Praetorian: The Price of Treason
Page 13
The four of them fell silent again, nodding slowly.
‘What do we do then?’ Rufinus asked quietly, and Mercator shrugged.
‘We throw a libation of wine over the side for Neptune’s favour and a speedy run to Pietas Iulia. Then we ride for Vindobona and Carnuntum, deliver our packages and then return home, exactly as duty requires. We swore an oath to the emperor and to the Praetorian eagle. We don’t question our orders. We just carry them out, like the soldiers we are, and hope we aren’t getting ourselves in the shit doing it.’

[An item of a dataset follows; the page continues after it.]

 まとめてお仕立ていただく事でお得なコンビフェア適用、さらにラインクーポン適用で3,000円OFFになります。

Rufinus nodded. ‘I’ll certainly be happier when we’re on the road again and far ahead of those riders.’
IX – Winds of Dalmatia
Rufinus huddled in his thin cloak, the thicker one protecting his armour below deck and serving as a pillow for Acheron last time he checked. The breeze seemed to cut through the material like a knife through butter and he gazed with bitter respect at Dexter who stood nonchalantly next to him in just a tunic and scarf despite his years of acclimatising to the searing Aegyptian sun. The sky was a uniform mid-grey, almost exactly matching the tone of the water around them, to such an extent that he had to concentrate to see where the sea ended and the sky began. It was in truth not a long crossing from Ancona to Pietas Iulia – a single day’s hop – and Rufinus had been further out to sea when leaving Tarraco, but still, a hundred miles was enough to afford no sight of land in any direction when out in the heart of the Adriaticum.

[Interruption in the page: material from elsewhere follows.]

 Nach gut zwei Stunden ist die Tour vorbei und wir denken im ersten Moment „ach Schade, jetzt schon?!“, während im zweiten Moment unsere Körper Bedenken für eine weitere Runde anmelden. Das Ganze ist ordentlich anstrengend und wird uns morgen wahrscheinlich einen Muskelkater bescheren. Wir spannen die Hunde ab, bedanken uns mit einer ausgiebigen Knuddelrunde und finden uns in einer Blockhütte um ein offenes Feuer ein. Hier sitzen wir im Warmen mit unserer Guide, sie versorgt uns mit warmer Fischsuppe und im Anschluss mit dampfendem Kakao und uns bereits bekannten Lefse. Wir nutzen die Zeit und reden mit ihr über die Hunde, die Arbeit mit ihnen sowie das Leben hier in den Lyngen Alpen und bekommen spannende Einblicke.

Especially in leaden-grey winter.
Icarion and Mercator were at the other side of the ship, discussing something in great depth. Dexter seemed to be mentally somewhere out there in his own little world, oblivious, despite his physical presence. Rufinus sighed and shivered, but reminded himself that at least he was standing at a rail rather than flattening his balls against a hard saddle with every rise and fall of a difficult horse. He should be grateful for the small things.
‘Gods, but that’s a relief,’ he muttered as the wind suddenly dropped, leaving a quiet lull that felt considerably warmer.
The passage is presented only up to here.